EXERCISE DETAILS |
How do the lines below between the ones holding "This sexy looking" and "The Humpy style", inclusive, read? Give them again exactly, with no other lines.

COLLECTED DATA |
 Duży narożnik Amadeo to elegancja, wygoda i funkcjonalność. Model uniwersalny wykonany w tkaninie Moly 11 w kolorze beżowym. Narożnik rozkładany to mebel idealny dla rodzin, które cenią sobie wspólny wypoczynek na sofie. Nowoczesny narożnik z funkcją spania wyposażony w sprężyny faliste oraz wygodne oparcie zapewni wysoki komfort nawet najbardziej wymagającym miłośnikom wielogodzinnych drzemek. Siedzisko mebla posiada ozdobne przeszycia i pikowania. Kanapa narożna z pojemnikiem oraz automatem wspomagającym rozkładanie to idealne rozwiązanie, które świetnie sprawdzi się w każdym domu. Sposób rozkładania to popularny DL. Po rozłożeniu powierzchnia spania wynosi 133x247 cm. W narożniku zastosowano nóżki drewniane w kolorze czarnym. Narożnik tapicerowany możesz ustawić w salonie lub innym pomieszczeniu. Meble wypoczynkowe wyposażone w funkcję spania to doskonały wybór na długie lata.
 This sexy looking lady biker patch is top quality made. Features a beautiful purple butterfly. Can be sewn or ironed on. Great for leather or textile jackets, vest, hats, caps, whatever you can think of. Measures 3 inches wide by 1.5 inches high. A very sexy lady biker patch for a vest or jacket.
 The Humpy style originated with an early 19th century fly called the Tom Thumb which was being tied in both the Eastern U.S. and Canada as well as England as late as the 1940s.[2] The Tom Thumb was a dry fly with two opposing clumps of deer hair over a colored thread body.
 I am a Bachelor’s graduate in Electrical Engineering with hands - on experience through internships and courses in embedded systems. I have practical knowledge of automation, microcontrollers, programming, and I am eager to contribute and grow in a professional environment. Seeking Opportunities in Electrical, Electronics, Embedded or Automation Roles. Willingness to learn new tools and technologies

TASK ANSWER |
 This sexy looking lady biker patch is top quality made. Features a beautiful purple butterfly. Can be sewn or ironed on. Great for leather or textile jackets, vest, hats, caps, whatever you can think of. Measures 3 inches wide by 1.5 inches high. A very sexy lady biker patch for a vest or jacket.
 The Humpy style originated with an early 19th century fly called the Tom Thumb which was being tied in both the Eastern U.S. and Canada as well as England as late as the 1940s.[2] The Tom Thumb was a dry fly with two opposing clumps of deer hair over a colored thread body.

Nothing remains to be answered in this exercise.